Muller (2007) speculates that Bernstein opposed the idea of a link between recontextualised discourse (i.e. the school subject) and the discourse of academic knowledge (e.g. research knowledge) in order to “stay true to the postulate that all symbolic formations were specific to a context with its specializing practices. That context is conditioned by a society’s regulative or moral order” (Muller, 2007: 80). Muller (2007) goes on to ask, however, how, if we accept that Bernstein’s position was true, it is that specialised knowledges are reproduced – as clearly they are reproduced: scientists, for example, are trained through engagement with a school curriculum. In relation to mathematics, Muller (2007) observes that students’ performance in school maths predicts their performance in university maths. Citing Gee (2001), Muller (2007: 80) suggests that “school maths competence ‘precurses’ university maths competence, which ‘precurses’ real maths adeptness”. Maton & Muller (2007) also observe that:

Since the specialized knowledges in the realm of production rest directly on the material base, there must surely be a limit to the amount of recontextualizing they can bear before defeating their purpose. This is made clear by the focus in Bernstein's account of the pedagogic device on ‘evaluative rules’; these may be pedagogized artefacts, but if the criteria they construct bear no relation to their parent knowledges in the realm of produc- tion, then schooling will undermine its role as a relay of specialized knowledges.

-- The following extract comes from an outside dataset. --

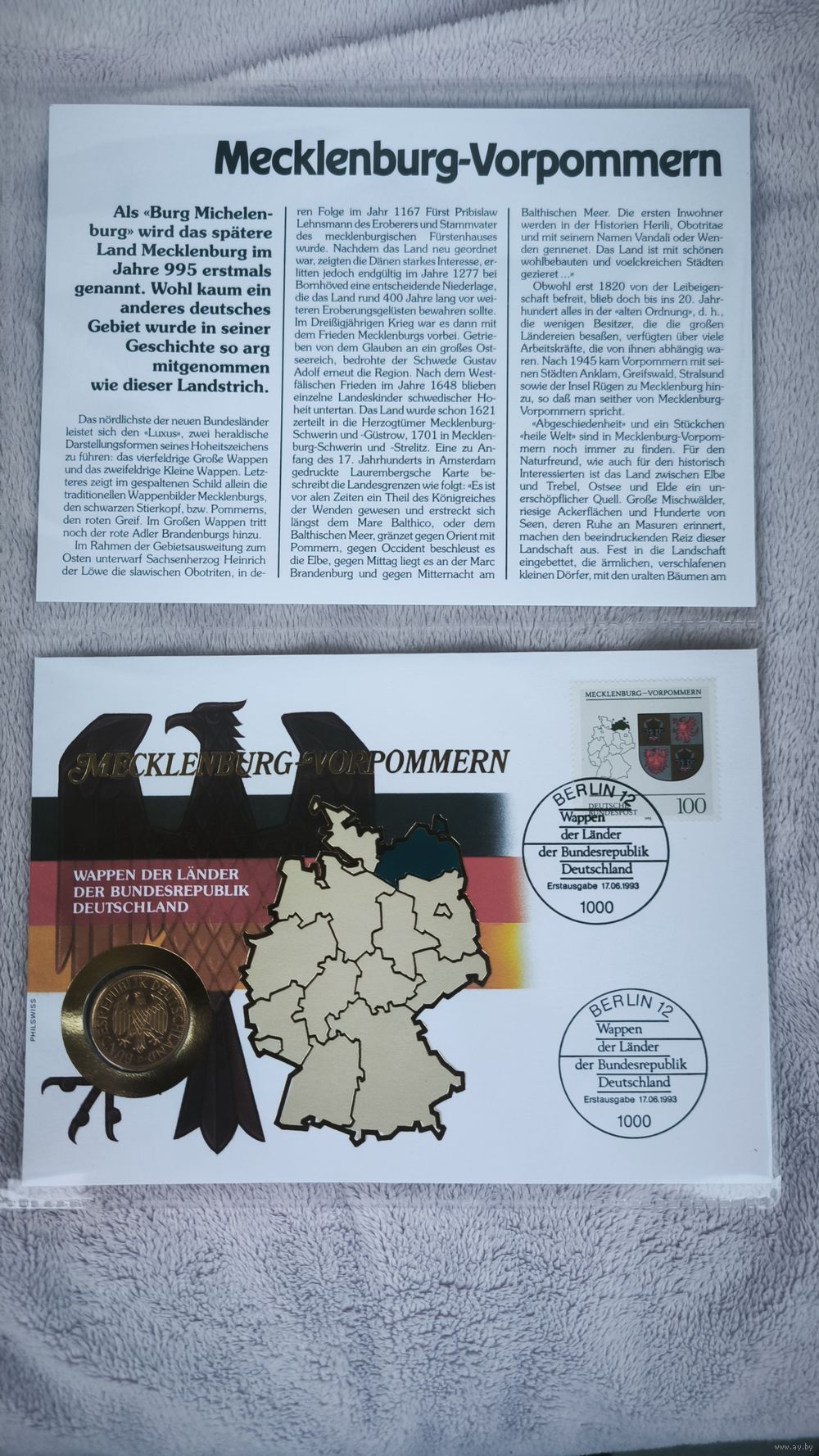 «Гербовые земли Федеративной Республики Германия» (Wappen der Länder der Bundesrepublik Deutschland), посвященный федеральной земле Мекленбург-Передняя Померания.
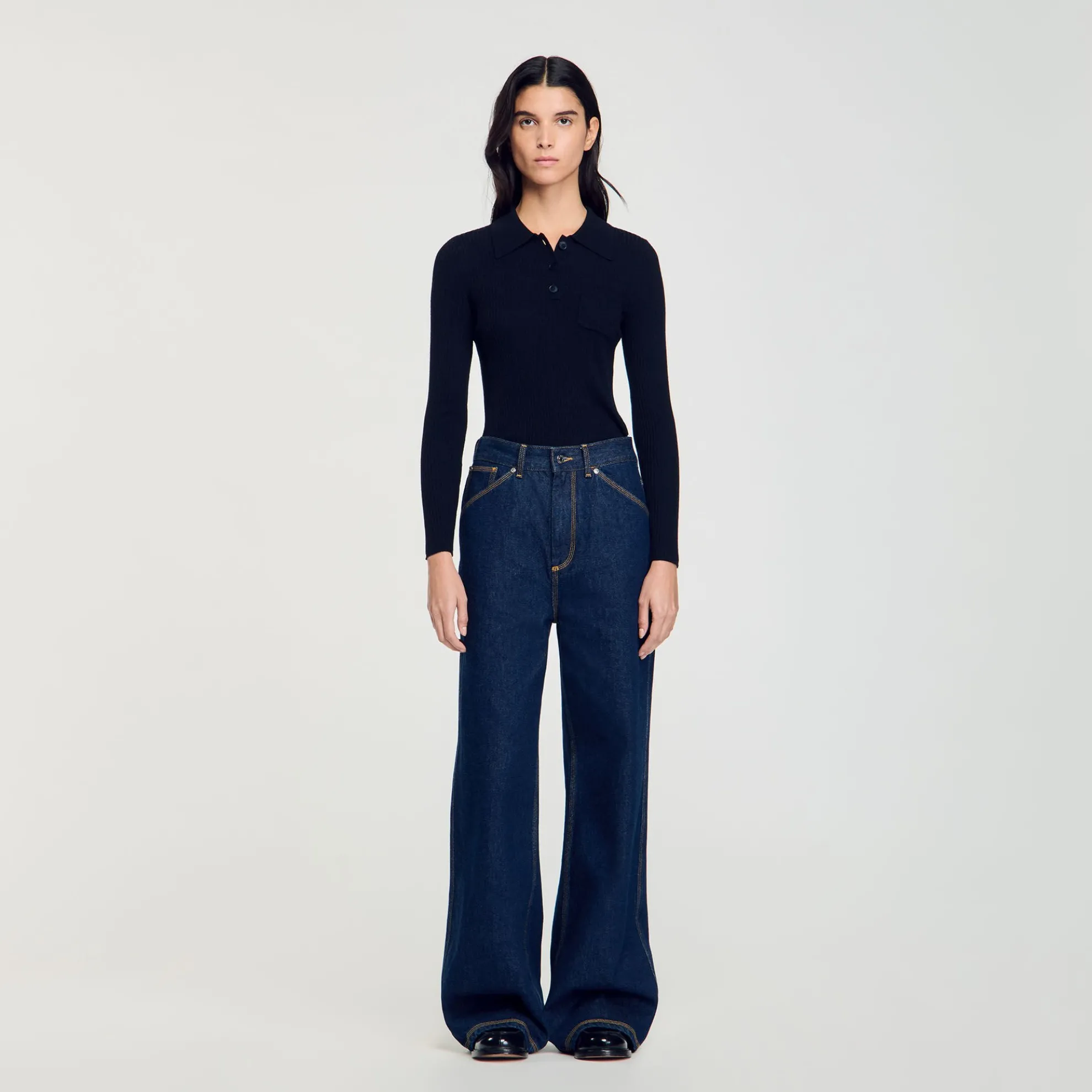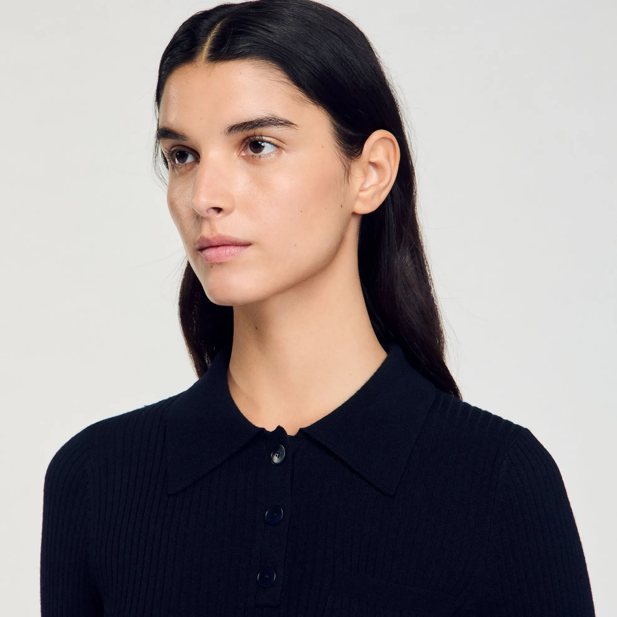 Geribde trui met gevlekt effect, button-down polokraag, lange mouwen en opgestikte zak op de borst.

(Maton & Muller, 2007: 28)

Muller (2007) therefore argues that a relation between knowledge structure and curriculum structure must be necessary. He emphasises the importance of hierarchy and progression in curriculum, concluding that although, “we cannot stipulate a once- and-for-all-path [through a curriculum], we would still have to concede … that there are a specifiable necessary minimum set of steps that must be pedagogically traversed” (Muller, 2007: 82). He also notes the importance of such an explicit mapping of the path through a curriculum for socially equitable outcomes.

Following this argument, it is reasonable to assume that to learn a specific element of a curriculum (Newton’s Laws of Motion for example), a typical path through physics ‘content’ would be indicated. This might include learning specific vocabulary and its scientific meaning (of the terms ‘force’, ‘speed’ and ‘velocity’, for example) and learning how to apply these ideas appropriately. In the realm of physics in particular it is also important to have acquired particular mathematical knowledge, without which a full understanding and certainly full application will not be possible to

achieve.

However, it is also important to note that such a learning trajectory is not necessarily linear, since “particular topics, even for the most hierarchical of subjects, are repeated across learning levels” (Muller, 2007: 81). The subsumption of disciplinary elements is therefore imperfect: the same specific topics play a number of roles in acquiring different general understandings. The relation is more open than would be implied by a simple linear path. Muller (2007: 82) asks, “How are these different cognitive logics to be braided into the artifice called curriculum and pedagogy? This is the nub of pedagogy.” The exact nature of the link between knowledge and curriculum structures therefore remains unclear. Ashwin (2009: 95) suggests that “[i]t seems likely that how close this relation remains is dependent on the dominant voices in determining the rules for recontextualizing disciplinary knowledge into curriculum”. Maton & Muller (2007) propose that the nature of these links is a key area for future exploration.